Thursday, May 20, 2010

Cage Match: Eric Northman vs. Drusilla

I hope that Joss Whedon fans are pumped for the first semifinal, which after Angel's decisive thumping of Damon Salvatore 25-6, comes down to Angel and Spike. I'll tell you right now, that fight's going to be too close to call. I will leave it in the capable hands of my tens of fans.

But before we can get there, we have two more fights to get through, the first of them today between another Whedonverse favourite, Drusilla, and Eric Northman of True Blood. Drusilla won the coin toss, and has opted to fight in ... well, I'll let you see for yourself.
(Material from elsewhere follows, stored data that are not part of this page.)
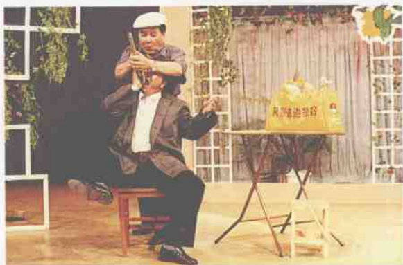
(本人演出相声、小品等的部分剧照)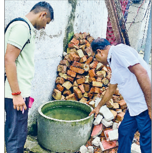
रेवाड़ी। पानी की टंकी में लावा की जांच करते स्वास्थ्यकर्मी।

अगस्त माह में डेंगू के लगातार बढ़ते मामले थमने का नाम नहीं ले रहे हैं। मंगलवार को जिले में 4 डेंगू पॉजिटिव मरीज मिलने से आंकड़ा 64 पर पहुंच गया है। गत वर्ष 2024 में अगस्त माह में 8 डेंगू पॉजिटिव केस मिले थे। बरसात के बाद जलभराव होने मच्छरों का प्रकोप काफी बढ़ गया है। स्वास्थ्य विभाग लोगों को बीमारियों से बचाव के लिए जागरूक कर रहा है। जिले में डेंगू के मामलों के साथ अब तक 11 मलेरिया के केस भी मिल चुके हैं। स्वास्थ्य विभाग के एचआई, एमपीएचडब्ल्यू व ब्रीडिंग चेकर लगातार गांवों व शहरी क्षेत्र में सोंस रिडक्शन का कार्य कर रहे हैं तथा बुखार से पीड़ित लोगों की स्लाइड भी तैयार की जा रही है।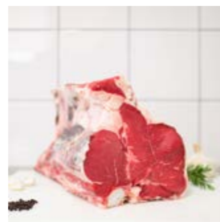
BISTECCA nel FILETTO Consigliata da fare alla brace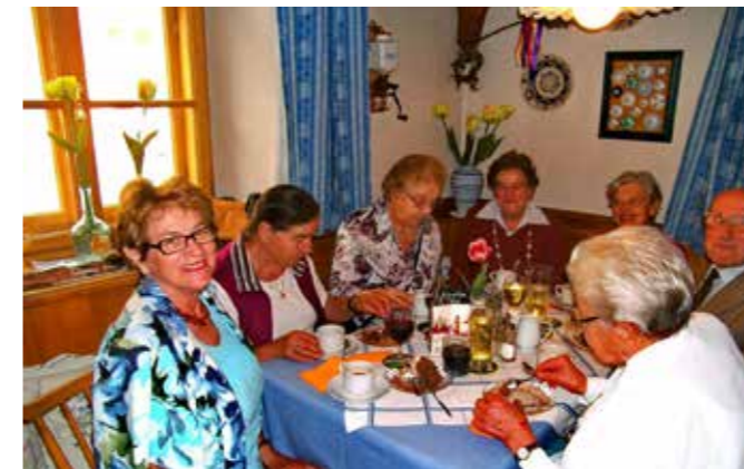
Gute Stimmung bei der Muttertagsfeier

Gemäß diesem Motto haben wir auch heuer wieder unser Programm erstellt und wir freuen uns, dass unsere Mitglieder aktiv daran teilnehmen. Nicht nur das sportliche Training, sondern auch das geistige Training stellt einen wesentlichen Bestandteil unseres Programms dar. So freut es uns ganz besonders, dass am letzten vom Computer Club Bad Hall durchgeführten Grundkurs (Betriebssystem und weitere Grundlagen) wieder drei Mitglieder teilnahmen. In der heutigen Zeit ist es ganz besonders wichtig, dass auch die Generation 60+ - also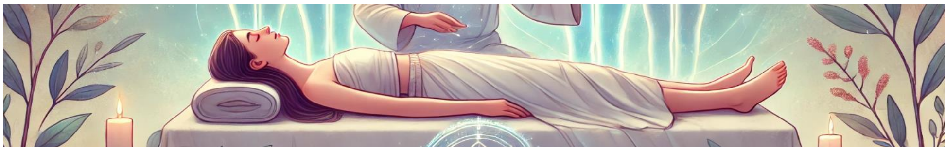
Séance d'apométrie : un guérisseur effectue des passes fluidiques au-dessus d'une patiente allongée, entourée de lumières douces.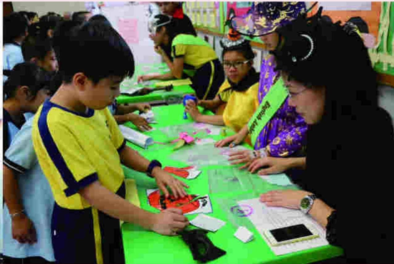
Halloween puzzle is quite challenging.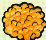
LIN S EN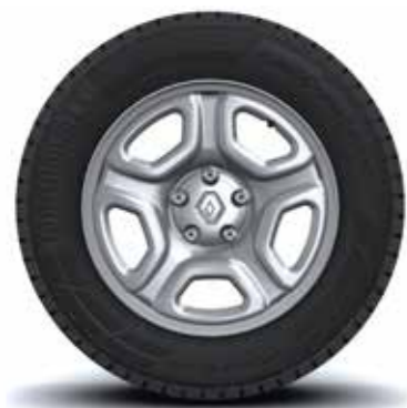
Llanta flex 16" acero Zen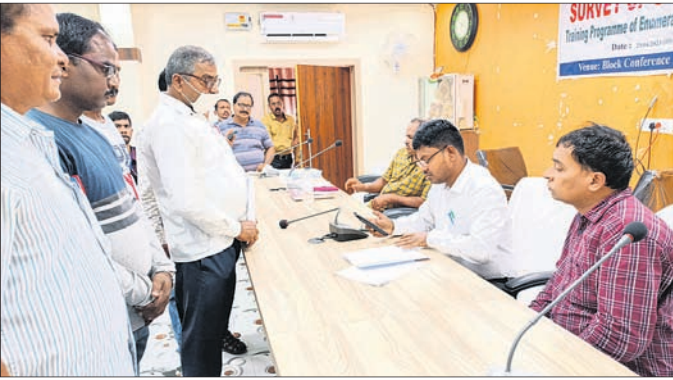
ଶିକ୍ଷକମାନେ ତହସିଲଦାରଙ୍କୁ ଅଭିଯୋଗପତ୍ର ପ୍ରଦାନ କରୁଛନ୍ତି ।

ନୂଆଗାଁ, ୨୯୪(ଡି.ଏନ୍.ଏ.) ରାଜ୍ୟରେ ସାମାଜିକ ଆର୍ଥିକ ପଛୁଆବର୍ଗ ଜାତି ସଭେ କରାଯିବା ପାଇଁ ସରକାରଙ୍କ ନିର୍ଦ୍ଦେଶ ରହିଛି । ତେଣୁ ଏହି ସଭେ କାର୍ଯ୍ୟ କରିବା ପାଇଁ ନୂଆଗାଁ ବିଡ଼ିଓ ପ୍ରାଥମିକ ଶିକ୍ଷକମାନଙ୍କୁ ଚିଠି ମାଧ୍ୟମରେ ଜଣାଇଥିଲେ । ତେବେ ଶିକ୍ଷକମାନେ ଏହି କାର୍ଯ୍ୟ କରିବେ ନାହିଁ ଏବଂ ବିଡ଼ିଓଙ୍କ ନିର୍ଦ୍ଦେଶକୁ ବିରୋଧ କରି ଶନିବାର ଏକ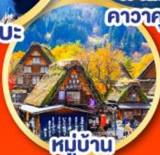
หมู่บ้าน ชิราคาวาโกะ

นั่งกระเช้าลอยฟ้า ชมใบไม้เปลี่ยนสีแบบพาโนรามา

HOW I THINK THE FIGHT WILL GO:

Eric peers around at the surreal landscape, which looks like a cross between the fevered imaginings of Lewis Carroll and Christina Rossetti. Drusilla, he has learned, was cursed with clairvoyance in her mortal life in Victorian England, and driven crazy with religious guilt by Angelus before being turned. The result was a deeply unstable, highly unpredictable and exceptionally cruel vampire. Eric is confident in his own power and strength, but in his long life has learned to be wary of the caprices of an insane mind.

He senses her before he sees her.

"Pretty boy," she coos, her singsong voice echoing eerily around the murky storybook landscape. "I do so love my pretty, pretty boys. So much tastier than the repulsive child of the snow and dark."

Eric favours her with a long, appraising look. Drusilla stands about thirty feet away, under the branches of a gnarled and massive tree whose trunk, Eric realizes with a jolt, is twisted into a cruelly expressive face. Drusilla wears a simple white dress, and has draped over her shoulders a deep crimson wrap. She is barefoot.

"This is you, isn't it?" Eric asks, gesturing around him. "This place. This is some sort of manifestation of your own mind."

She gives a high, trilling laugh. "They said, they said, choose your territory. Where are you most at home, I was asked."

In your own mind, Eric thinks in reply. He peers into the gloom of the sinister cartoon forest, whose rustles in the nonexistent breeze sound like the whispers of a dozen voices.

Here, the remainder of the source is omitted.